Das Mammut vom Vogelherd zu Gast im Urgeschichtlichen Museum Blaubeuren

Laufzeit: 01. November 2007 bis 04. November 2007

Im Sommer 2007 begeisterte eine neu entdeckte Mammutskulptur aus der Vogelherd-Höhle die Medien. Eine Präsentation des Fundes in der Öffentlichkeit war ursprünglich erst für die kommende große Landesausstellung zur Eiszeitkunst 2009 geplant. Nun ist es aber doch früher möglich, einen der bedeutendsten archäologischen Funde der letzten Jahre selbst in Augenschein zu nehmen.

Neben einer Kurzpräsentation am Fundort Niederstotzingen und im Archäologischen Landesmuseum Konstanz ist das Mammut und die ebenfalls neu entdeckte Löwenplastik vom
1. bis 4. November 2007 im Urgeschichtlichen Museum Blaubeuren zu sehen. Für den erwarteten Besucheransturm wurden die Öffnungszeiten erweitert. Das Museum hat in dieser Zeit von 10 bis 20 Uhr geöffnet.

Die eiszeitlichen Kunstwerke vom Vogelherd stammen aus dem altsteinzeitlichen Technokomplex des Aurignacien, der in Süddeutschland zwischen 40.000 und 30.000 Jahre alt ist. Zusammen mit anderen figürlichen Darstellungen aus dem Hohlenstein-Stadel im Lonetal, und dem Geißenklösterle und Hohle Fels im Achtal, gehören die Schnitzereien vom Vogelherd zu den ältesten Kunstwerken der Menschheit. Vor 40.000 Jahren erreichte der anatomisch moderne Mensch Europa und verdrängte dabei die Neandertaler. Neben technischen Neuerungen entwickelten die Menschen damals Rituale und Symbole, die in der Eiszeitkunst überliefert sind.


Außerdem zeigen sich Individualität und Kreativität im ersten Auftreten von Schmuckstücken und Musikinstrumenten. Die Fundhöhlen der Schwäbischen Alb lieferten wichtige Belege für die Übergangszeit vom Neandertaler zum modernen Menschen.

Entdeckt wurden das Mammut, der Löwe und weitere Bruchstücke von Tierfiguren bei Nachgrabungen am Vogelherd. Prof. Nicholas Conard von der Universität Tübingen gräbt und forscht seit Jahren am Südrand der Schwäbischen Alb. Viele wichtige Auswertungsarbeiten zum Fundmaterial erfolgen durch die urgeschichtliche Abteilung der Universität Tübingen. Das Urgeschichtliche Museum Blaubeuren ist Partnermuseum der Universität und präsentiert regelmäßig Funde und Erkenntnisse aus den archäologischen Ausgrabungen. Neben der Eiszeitkunst stellt die laufende Sonderausstellung „Nachgeschaut – Neues von den Mammutjägern am Vogelherd“ die neuesten wissenschaftlichen Auswertungsarbeiten am Fundmaterial des Vogelherds vor.

Zur Sonderpräsentation vom 1. bis 4. November 2007 werden zwei weitere Themenräume eingerichtet: Ein Raum ist dem Mammut gewidmet. Neben der neu entdeckten Figur sind noch fünf weitere Darstellungen bekannt. Diese Mammute werden dem Original gegenüber gestellt. Auch der Höhlenlöwe hat die Jäger und Sammler der Altsteinzeit beeindruckt und zu Kunstwerken inspiriert. Der zweite Raum widmet sich daher den Löwen- und Katzendarstellungen vom Vogelherd.

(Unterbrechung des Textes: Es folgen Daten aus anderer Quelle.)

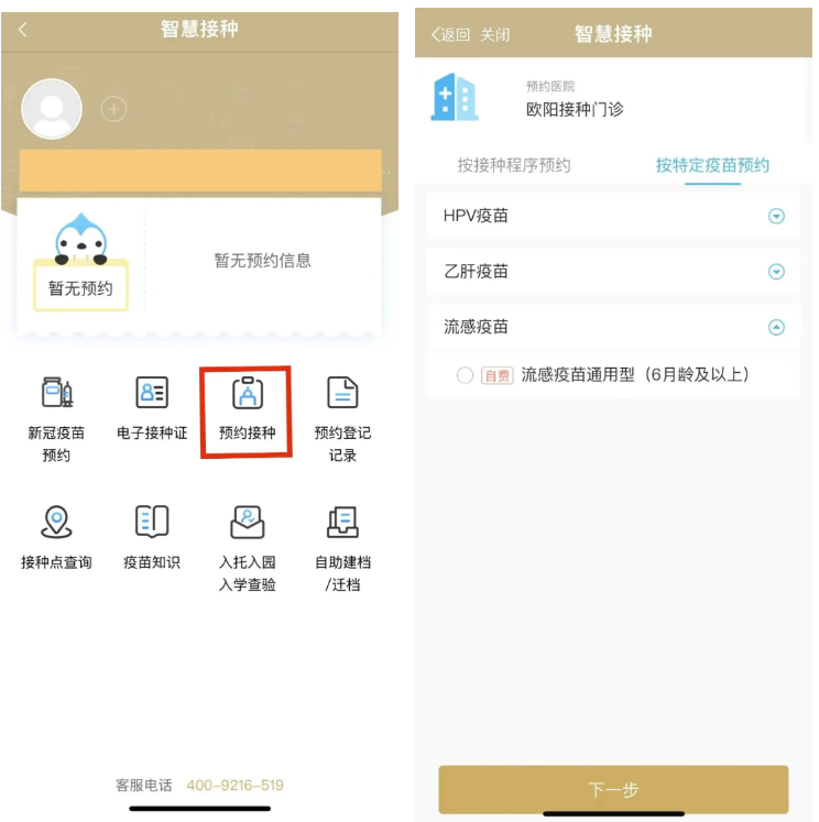 第二步:點(diǎn)擊【預(yù)約接種】-【按特定疫苗預(yù)約】

Während der Öffnungszeiten werden Fachwissenschaftler vor Ort sein, die Fundstücke erklären und Fragen der Besucher beantworten. Parallel dazu wird die Grabungsmannschaft vom Vogelherd vor den Augen der Besucher Fundmaterial vom Vogelherd auswerten und die technische Seite vorstellen.